Member States must ensure that:

  • the qualified entity and the trader may jointly propose a redress settlement; or
  • the court or administrative authority, after having consulted the qualified entity and the trader, may invite the parties to reach a settlement within a reasonable time limit;
  • settlements approved by the court or administrative authority are binding on the qualified entities, defendant traders and consumers concerned, but Member States may lay down rules allowing consumers concerned to accept or to reject the settlement.

Costs of the proceedings

  • The unsuccessful party is in principle required to pay the costs of the proceedings.
  • Individual consumers in a representative action do not pay the costs of the proceedings, except potentially when the costs were incurred as a result of the individual consumer’s intentional or negligent conduct.
  • Member States must introduce rules aiming to ensure that the costs of the proceedings related to representative actions do not prevent qualified entities from effectively exercising their right to seek the injunctive measures.
  • Member States may lay down rules to allow qualified entities to require consumers who wish to be represented by them in a specific representative action for redress measures to pay a modest entry fee or similar charge in order to take part in that representative action.


Member States must:

  • set out rules on penalties for failure or refusal to comply with an injunctive measure, information obligation or disclosure of evidence obligation;
  • ensure that those rules are implemented – penalties must be effective, proportionate and dissuasive.

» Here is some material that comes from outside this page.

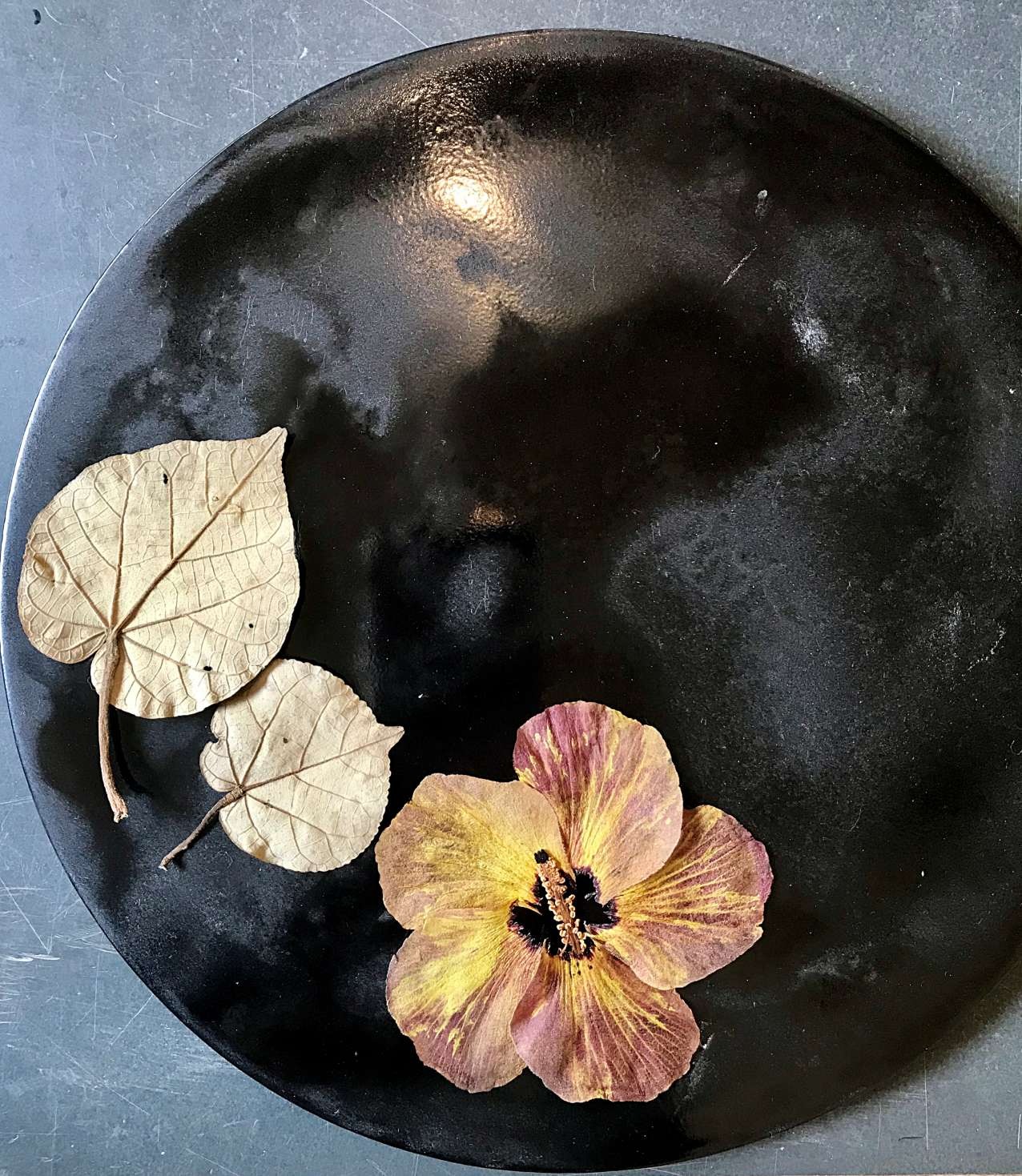 ゆうなの花と葉を黒いガラス皿にのせ、バランスを見ながら配置します。

Directive (EU) 2020/1828 repeals Directive 2009/22/EC (see summary) from 25 June 2023.


It entered into force on 24 December 2020. It has to become law in the Member States by 25 December 2022 and to apply in the Member States as of 25 June 2023.


The directive is part of the ‘new deal for consumers’ package.

For further information, see:


Directive (EU) 2020/1828 of the European Parliament and of the Council of 25 November 2020 on representative actions for the protection of the collective interests of consumers and repealing Directive 2009/22/EC (OJ L 409, 4.12.2020, pp. 1–27).

Successive amendments to Directive 2020/1828/EU have been incorporated into the original document. This consolidated version is of documentary value only.